Matt Dillon, VM and kernel FreeBSD team

1. What goodies BSD 5.0 is going to bring us?

Matt Dillon: There are at least a dozen projects going on in parallel and we have ripped up and replaced a great deal of code all over the kernel. So much so that we recently decided to extend the 5.0 release date another year to give the many projects a chance to get out of development mode and into stabilization mode. Due to this a good chunk of -current's features are also being slowly MFC'd into -stable. Not KSEs or SMPng though. I think Julian's comment in his KSE commit message was something on the order of "X-MFC after: ha ha ha ha" :-)

KSEs and SMPng are the most visible projects (SMPng is being spear-headed by John Baldwin), but we have also done a great deal of work on the network stack, checksum offloading, network drivers (especially GigE drivers), devfs (which is now the default in -current), crypto-quality random number generation, scaleability, and new machine ports. We are actively porting to IA64, PowerPC, and Sparc64, and even though the Alpha is dying away our already-operational (in -stable) alpha port is being actively developed to ensure that our code remains 64 bit clean and to provide ground-breaking work for the other ports.

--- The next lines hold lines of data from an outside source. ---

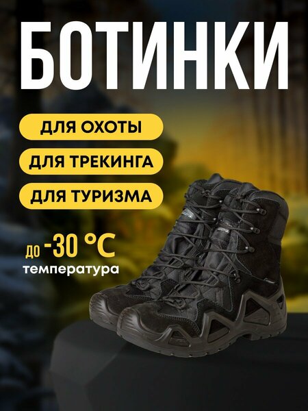 Модель охотничьих ботинок Taigan Camp - это незаменимая обувь при ходовой охоте. Высота ботинок обеспечивает надежную защиту лодыжек и голеней, а также позволяет без труда преодолевать любые препятствия, оставляя ваши ноги абсолютно сухими. Водостойкие и дышащие Taigan Camp black отлично подходят как для охоты, так и походов в любое время года. Верх модели выполнен из замши и прочного и износостойкого материала [Cordura]. Благодаря мембране [KingTex] с водонепроницаемостью 5000 мм вы не будете испытывать дискомфорта даже в самую дождливую погоду. Обувь имеет удобную подошву из прочного [PU, полиуретана], которая обеспечивает высокую гибкость, отличное сцепление на различных поверхностях и высокую амортизацию. Ботинки Taigan Camp оснащены синтетическим утеплителем [Thinsulation] 600G, который обеспечивает комфортное использование при температурах до -30°C. В них вы будете чувствовать себя уверенно и комфортно в любых условиях. Особенности обуви для охоты от Taigan включают удобную фиксацию стопы, подошву с противоскользящим покрытием для уверенности на любом грунте и инновационные технологии вентиляции для поддержания комфортной температуры ног в любых погодных условиях.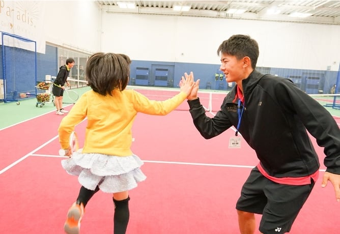 テニスで色々な運動の動作を覚えて脳に格納し、引き出して使うことは、勉強で公式を使って問題を解くことや、自分が置かれた状況に応じて臨機応変な判断、行動ができるようになるのと同様です。運動や勉強はもちろん、人生を強く進んでいくための様々な能力がテニスで身についていきます。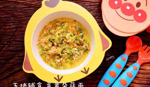 今天我们这是一款适合七个月小朋友吃的小颗粒的面,叫做杂蔬蛋黄面,这个里面不仅有蛋黄,而且还有很多蔬菜,不同种类的蔬菜也是可以让我们的小宝宝来自己选择~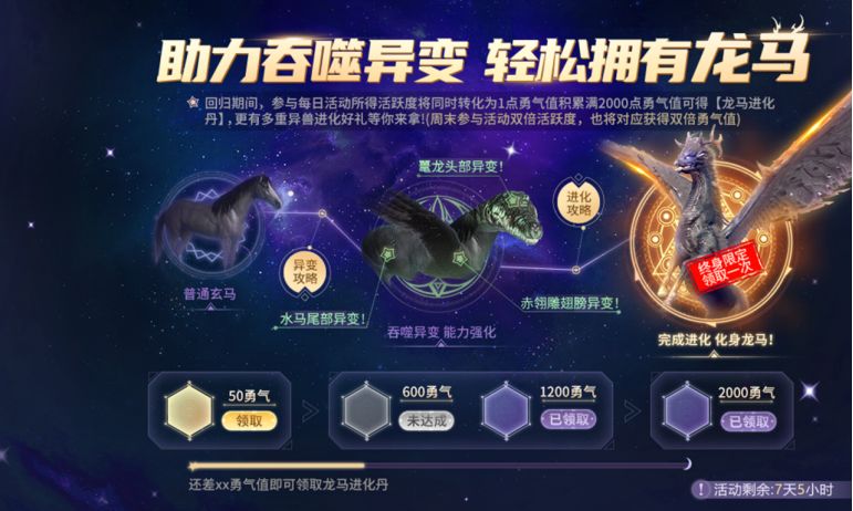 3.宠物养成助力礼:完成日常任务积攒勇气值,就能白嫖包括龙马进化丹在内的全部龙马进化材料~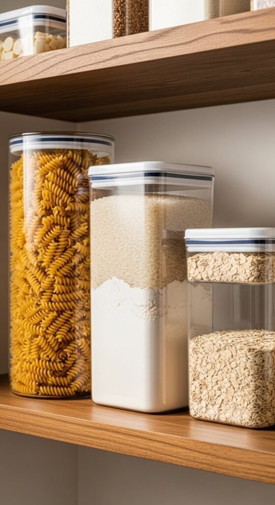 Transferring dry goods into clear containers lets you see exactly what you have at a glance. No more guessing if that bag has enough flour for your recipe. Choose stackable square or rectangular containers to maximize shelf space—round ones waste corners. Label each container with a permanent marker or adhesive labels. You can find affordable container sets at dollar stores or reuse glass jars from pasta sauce and pickles. This simple switch prevents buying duplicates and keeps food fresher longer since airtight seals protect against moisture and pests.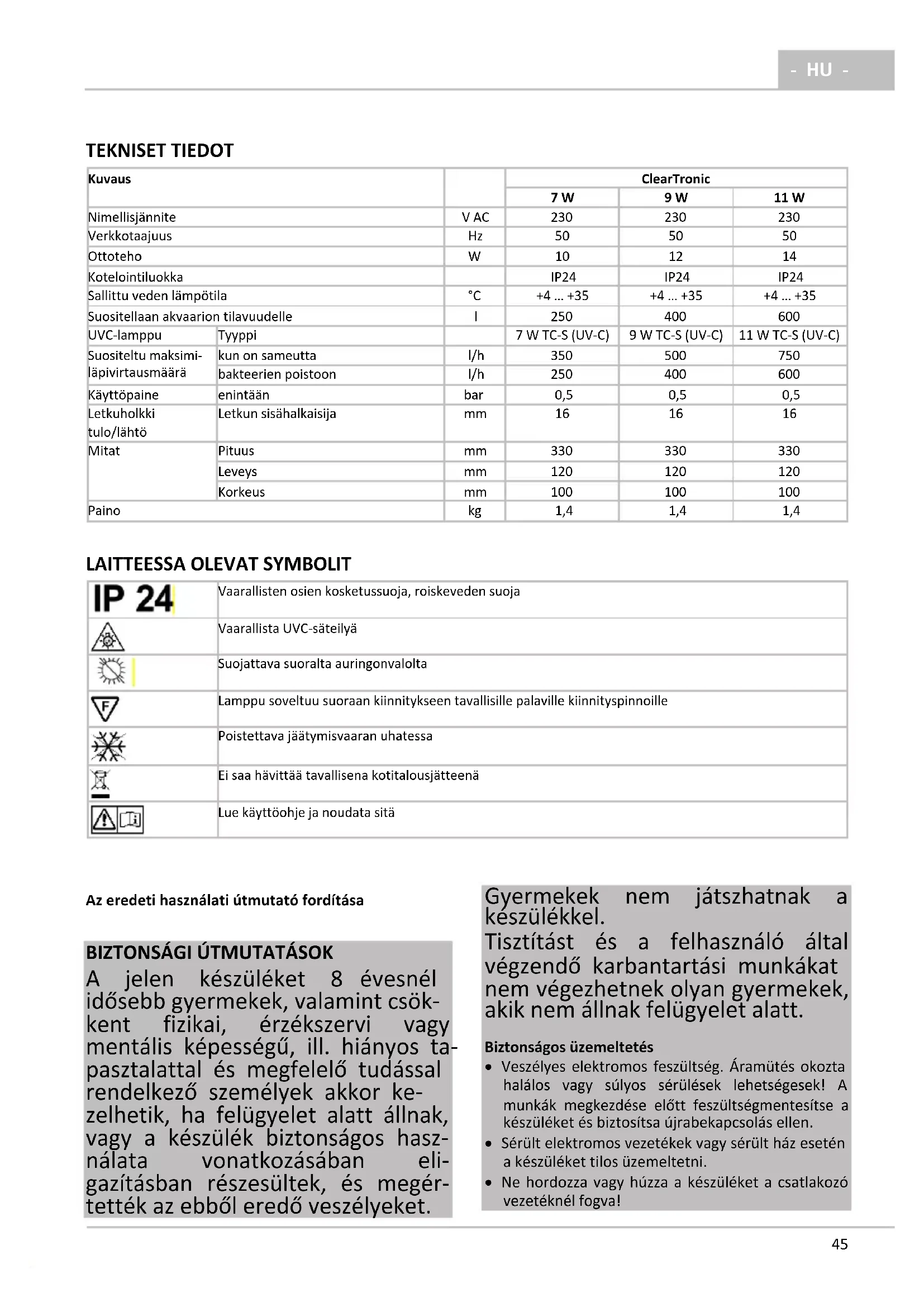 - Az UVC lámpát tilos a burkolaton kívül üzemeltetni.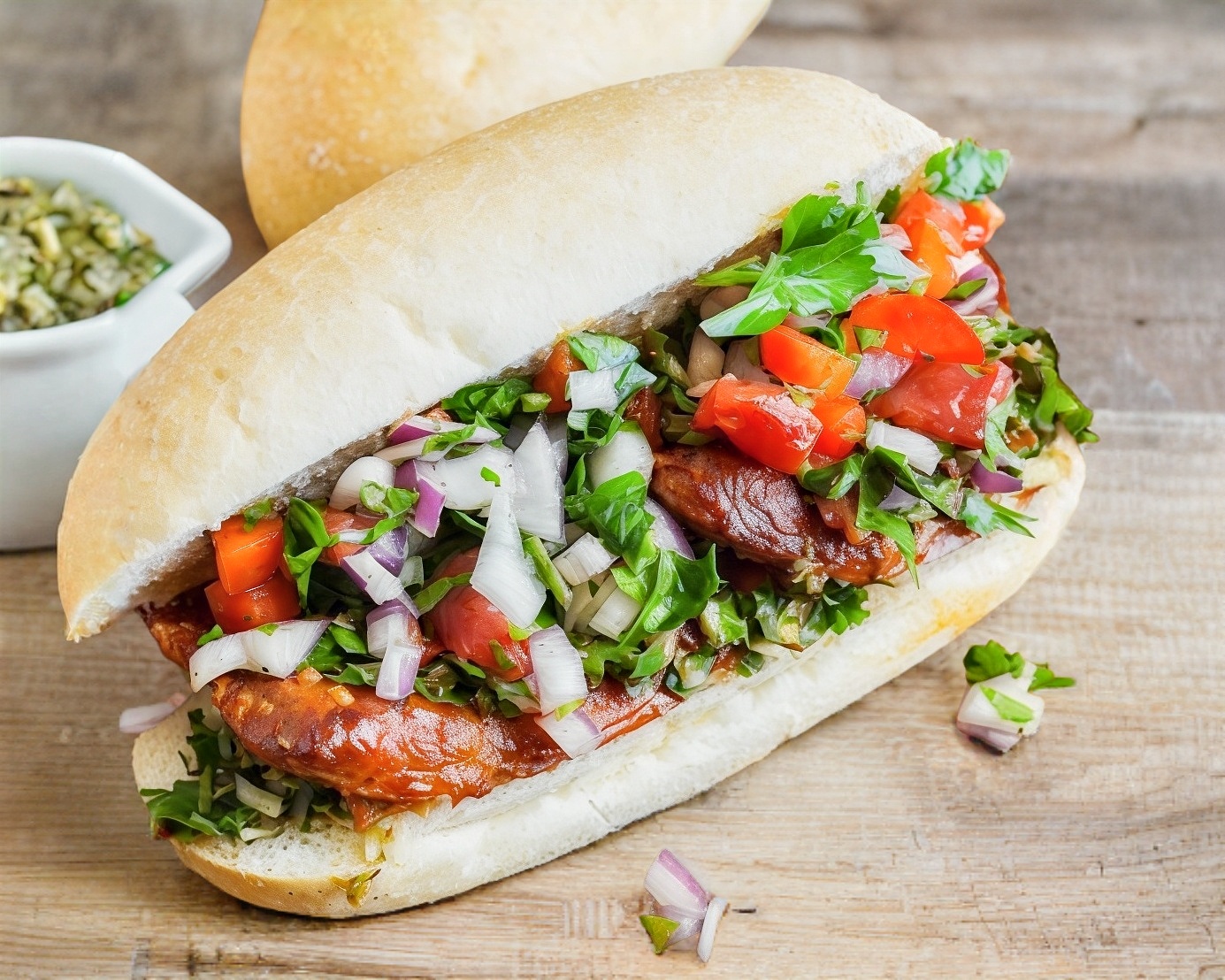Chorizo argentino en barrita de pan, acompañado de chimichurri argentino, jitomate y cebolla.

A good chunk of the work has already been MFCd to stable. For example, -stable can push 900+ MBits (120 MBytes/sec 'netstat -in 1') over a TCP connection on a DELL2550 with GigE using *normal* sized frames (mtu 1500). That's full saturation.

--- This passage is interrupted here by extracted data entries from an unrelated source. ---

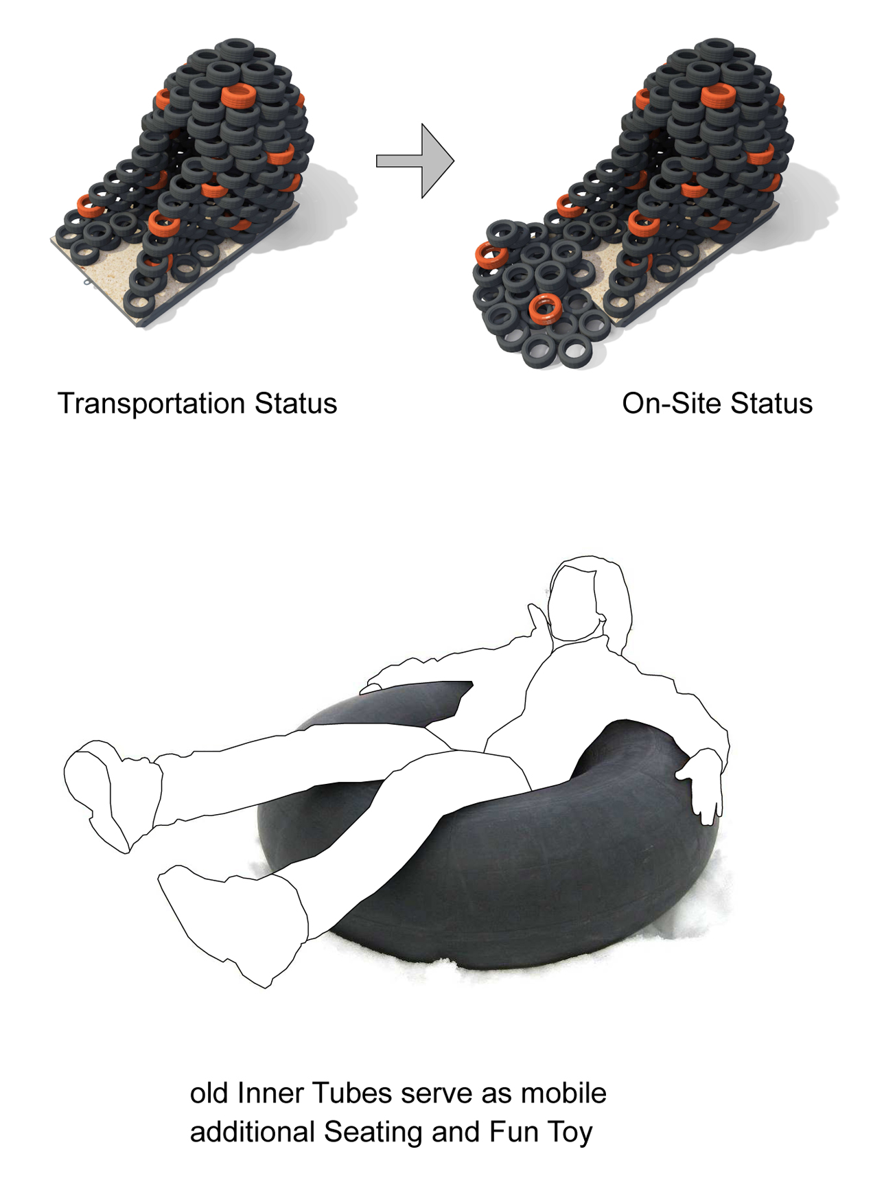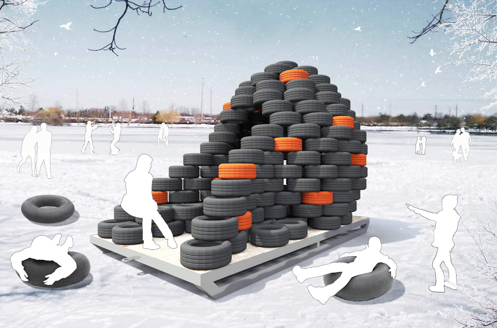 during the day. Some of the tires are painted in orange to accentuate the structure. The tires can also be used as seating. Rubber and air have isolating qualities. Additional mobile seating is offered by a couple of inner tubes. They can also be used as snow fun toys.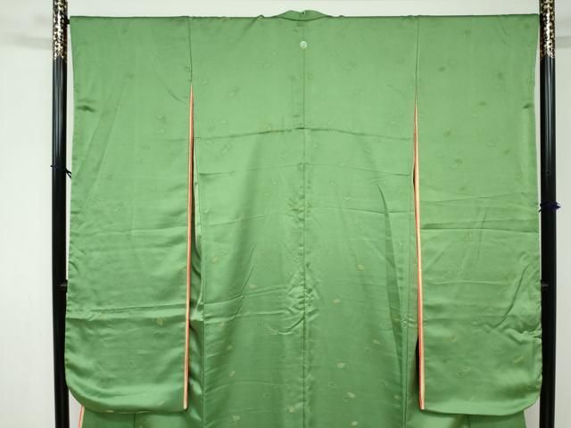 平和屋着物 豪華振袖 寿光織 舞桜文 淡黄色 金糸 反端付き 十二単風 正絹 ud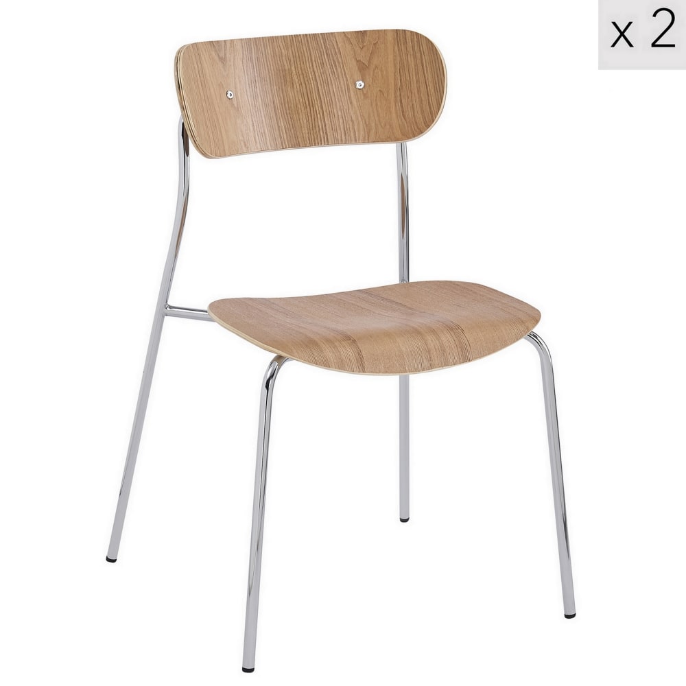Lot de 2 chaises de salle à manger industrielles en bois de frêne

A great deal of filesystem work has also been completed. Filesystem snapshot support (for UFS+Softupdates) is progressing nicely and may prove to be one of the most important new filesystem features in the 5.x system once it stabilizes. There are also two new native features in UFS that have stabilized and have in fact been MFCd to -stable: dirpref and dirhash. dirpref comes directly from Grigoriy Orlov of OpenBSD and reworks the way directories are layed-out on disk, resulting in huge directory and file stat/open/create/remove performance gains. Some filesystem operations have improved by over 60x (6000%), and many of the common ones have improved over 400%. dirhash is a very low-overhead in-kernel whole-directory hashing mechanism that radically improves the performance of directory operations.

There is much more. Some things, like dirhash and dirpref, can be easily MFC'd to -stable. Others, such as softupdate's snapshot support, probably won't be due to major dependancies on other current-only projects.

2. Which is the one feature that you would like most to add to the BSD kernel?

Matt Dillon: I would like to see a native process and device-level descriptor migration capability. This isn't a new idea (few ideas in computer architecture can ever be called 'new'), but it is an idea whos time has come. I would like to see an ability to migrate processes as well as their device-level state and couple that with external rerouting. So an I/O descriptor representing a TCP connection could be migrated entirely off the original machine, for example.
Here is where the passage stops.